NP-complete refers to all the hardest NP problems—the combinatorial problems for which we do not have deterministic polynomial-time algorithms. More precisely, a problem PI is said to be NP-complete if PI is in NP and for every problem in NP, there is a reduction that reduces the problem to PI. For example, a longest path, or the problem of finding the highest-cost way to get from one vertex to another without repeating vertices, is an NP-complete problem opposite to shortest paths (Figure 3.32). What makes longest paths so much harder to solve than shortest paths? For one, there is no underlying structure to the solution that we can use to repeatedly apply a simple rule as in a greedy algorithm. With the shortest paths problem, we could rely on the shortest paths tree to inform the solution. But in longest paths, the goal is to wander around the graph. The longest path between any two vertices will probably involve traversing as many edges as possible to maximize distance, visiting many vertices along the way. For some graphs, the longest paths might even visit all the vertices in the graph. In this situation, the longest paths do not form a tree and instead involve ordering all the vertices in the graph for each longest path. Identifying the correct longest path then requires listing out all the possible paths in the graph—a combinatorial explosion in the combinations of edges and vertices that can be selected to form a solution.

Figure 3.32 The longest path in a graph maximizes the distance, which often (but not always) involves visiting many vertices along the way. (attribution: Copyright Rice University, OpenStax, under CC BY 4.0 license)

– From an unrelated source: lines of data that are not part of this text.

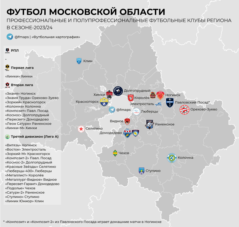 Предлагаю взглянуть на концентрацию команд вокруг Москвы. Именно в столице наибольшее число профессиональных клубов (14): 4 в РПЛ, 2 в Первой и 8 во Второй лигах. Многие проецируют этот факт также на область, хотя в реальности ситуация немного иная. Эту и другие интересные карты и инфографику о футболе вы можете увидеть в Телеграм-канале «Футбольная картография». Подписывайтесь, чтобы не пропустить обновлений! В Московской области 10 профессиональных команд, при этом ни одной нет в РПЛ, хотя долгое время в высшем свете регион был представлен «Сатурном» или «Химками», и только одна в Первой лиге. Для разнообразия я добавил полупрофессиональные/любительские клубы высшей лиги третьего дивизиона для разнообразия покрытия территории, так как почти все профессиональные клубы сосредоточены в городах непосредственно вокруг Москвы. Кстати, так ещё больше заметен перекос в восточном и юго-восточном направлениях. И любопытно, что такая пустота в дальнем Подмосковье на западном и северном направле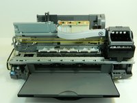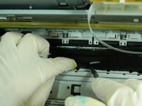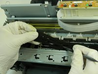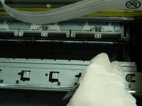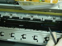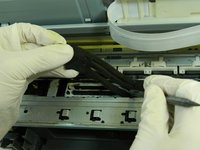 Use the flat end of the spudger to push the white button next to the ink cartridge carrier.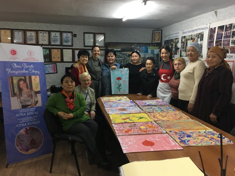 Үстүбүздөгү жылдын 24-апрелинде Түркия Республикасынын Кыргыз Республикасындагы Элчилигин колдоосу менен Майып аялдардын республикалык көз карандысыз ассоциациясында Түркиядан Кыргызстанга Эбру сүрөт искусствосун таанытуу максатында келген Эбру жана миниатюра искусствосунун мастери Суна Кочалдын мастер классы көрсөтүлдү. Бул тууралуу маалыматты Түркиянын Кыргызстандагы Элчилигинин Басма сөз кеңешчилиги билдирди.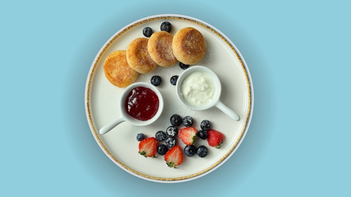 Fluffige, goldbraun gebratene Quarkpfannkuchen nach traditioneller Art. Serviert mit Sauerrahm und einer fruchtigen Beilage.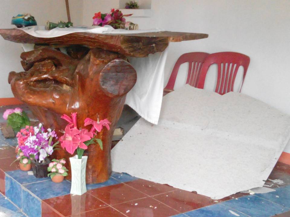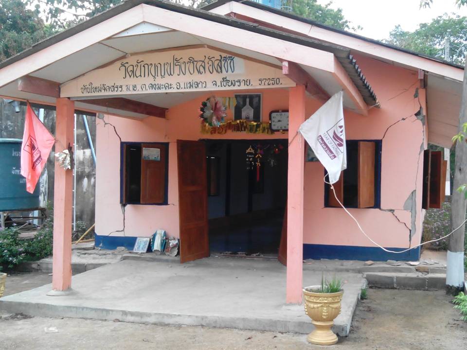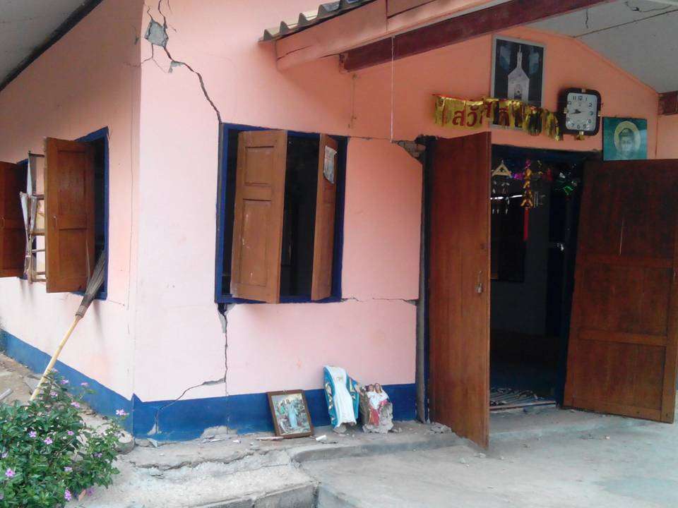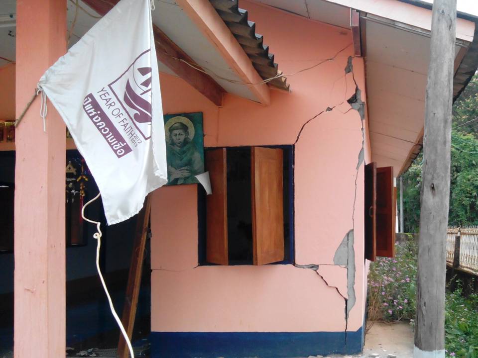 «Lunedì 5 maggio il nord della Thailandia, anche nella provincia di Chiang Rai, e stato colpito da una scossa di terremoto di magnitudo 6. Padre Alberto Pensa ci ha scritto e inviato le foto relative ai danni procurati dal terremoto al villaggio di Ban Mai Jadsan. Danni alla chiesa del villaggio, da lui costruita e dedicata a San Francesco di Assisi, ed alcune case adiacenti. Ecco le parole di p. Alberto: “La chiesa è per il momento inagibile, perché le due colonne davanti sono state danneggiate e così pure l’ultima colonna a sinistra: questo rende insicura la chiesa. Infatti i tecnici mandati a controllare ne hanno vietato l’uso per il momento. La gente è rimasta molto colpita per aver visto le statue della Madonna e della Sacra Famiglia a pezzi. Alcune case sono danneggiate seriamente”. Pochi giorni dopo, si è deciso di demolire la chiesa perché pericolante, per poter poi costruirne una nuova all’entrata del villaggio».

Related to the problem of longest paths is the traveling salesperson problem (TSP), which is the problem of, given the path cost of every pair of vertices, finding the lowest-cost tour, or path from a start vertex visiting every vertex in the graph once including a return to the start vertex. Compared to the TSP, which is finding the lowest-cost tour, the longest paths problem is like finding the highest-cost tour. What makes both these problems difficult is that we do not have a simple rule for selecting the next element to include in the solution. Unless we have the special power of nondeterminism, it is hard to tell from the beginning which edge is the right one to include in the final solution. Applying a simple rule like, “Select the edge with the lowest cost,” might not necessarily lead to the overall lowest-cost tour. Even though this simple rule worked for the problem of minimum spanning trees, the additional restriction of a tour rather than a tree makes the TSP a much harder problem to solve efficiently. Although we have efficient algorithms for shortest paths, we do not have efficient algorithms for the shortest tour (TSP).

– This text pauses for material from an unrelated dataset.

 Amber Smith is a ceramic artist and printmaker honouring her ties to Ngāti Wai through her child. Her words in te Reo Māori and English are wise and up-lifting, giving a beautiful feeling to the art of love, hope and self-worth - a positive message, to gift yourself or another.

How do we know if a problem is NP-complete? Earlier, we introduced reduction as an algorithm paradigm that is not only useful for solving problems, but also for relating the difficulty of problems. A reduction from a difficult problem A to another problem B proves that B is as difficult as A. It turns out that all NP-complete problems can be reduced to all the others, so an algorithm for solving any NP-complete problem solves every NP-complete problem.

P versus NP

Longest paths and TSP are just two among thousands of NP-complete problems for which we do not have efficient algorithms. The question of P versus NP asks whether it is possible to design a deterministic polynomial-time algorithm for solving any—and therefore all—of NP-complete problems. There are two possible answers to the question of P versus NP:

• If P = NP, then there is a deterministic polynomial-time algorithm for solving all NP-complete problems.
• If P ≠ NP, then there are NP-complete problems that cannot be solved with a deterministic polynomial-time algorithm.

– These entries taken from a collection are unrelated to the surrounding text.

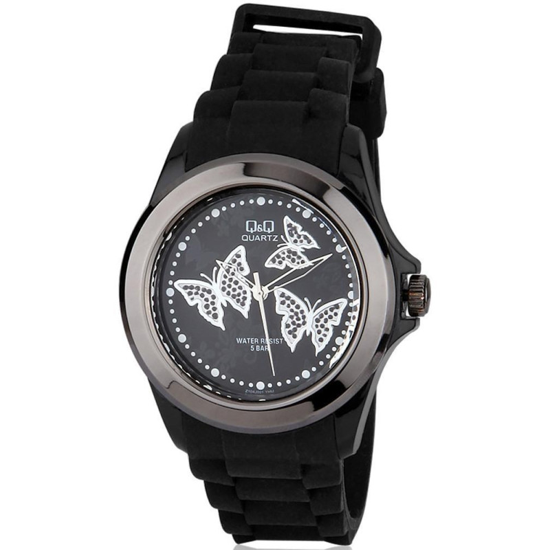 Чёрный силиконовый ремешок. Корпус чёрного цвета. Циферблат чёрного цвета и украшен блестящими бабоч..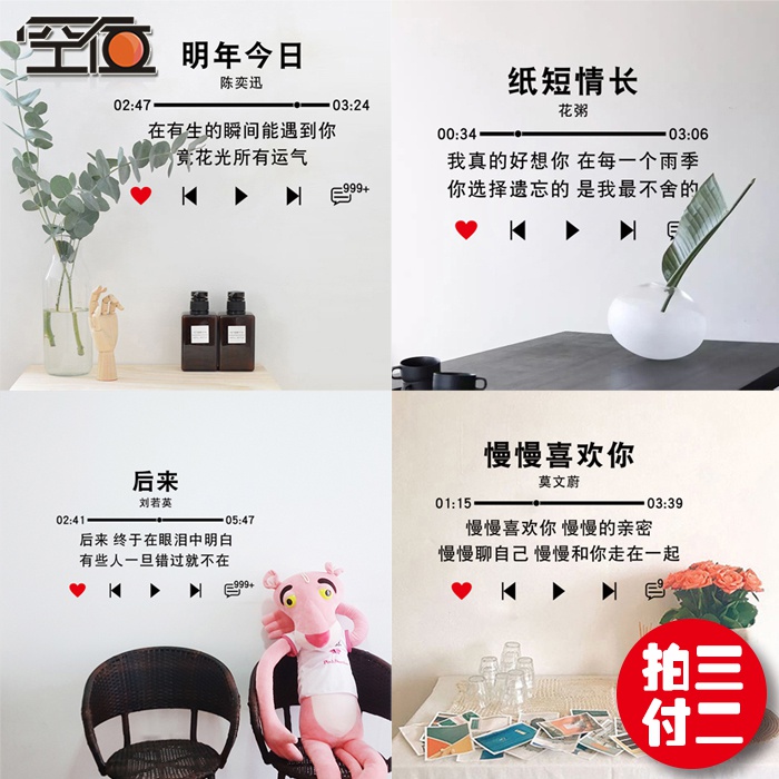 网红出租屋改造房间北欧ins歌词墙贴纸少女心墙面奶茶店装饰墙贴热门设计联盟服务商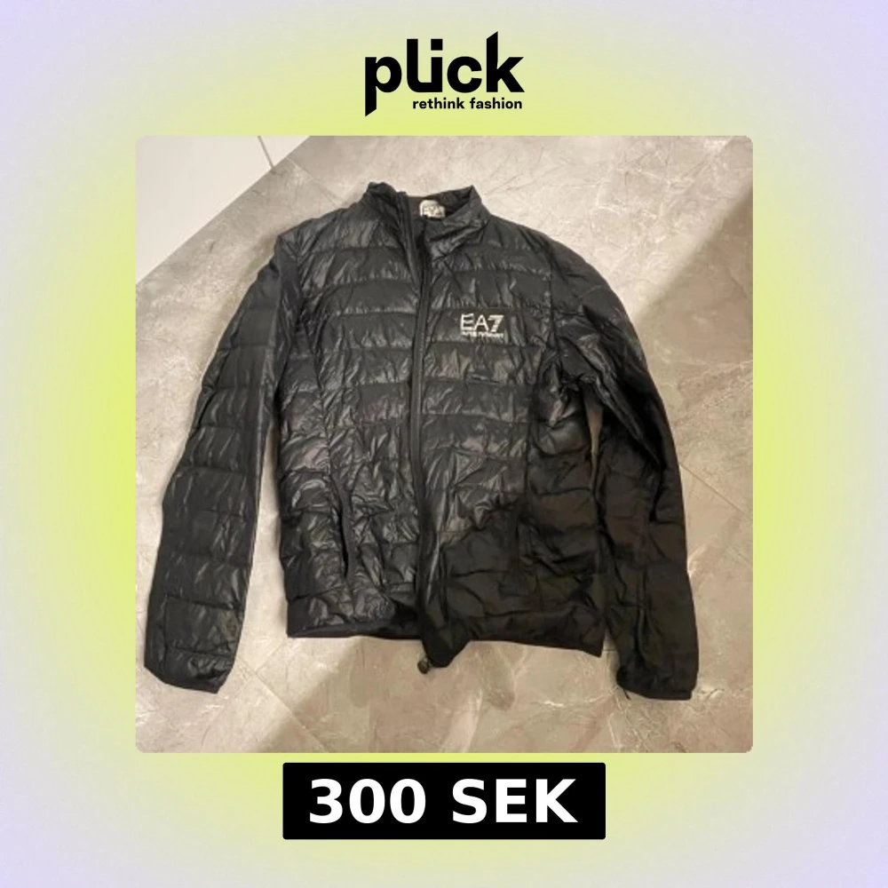 Snygg svart pufferjacka från Emporio Armani EA7. Jackan har en dragkedja framtill och är långärmad. Perfekt för kyligare dagar med sin stilrena design och lätta material. Storlek L men sitter som M, inga defekter förutom att den för tillfället är lite skrynklig.

Most theoretical computer scientists believe that P ≠ NP; in other words, it is impossible to design a deterministic polynomial-time algorithm for longest paths, TSP, or any other NP-complete problem. However, they do not have any definite proof that P = NP or P ≠ NP. An efficient algorithm for any one NP-complete problem would not only directly solve routing and logistics problems but would also enable massive advancements in drug discovery through scientific simulation, for instance. It would also break essentially all modern Internet security and password systems—among thousands of other problems.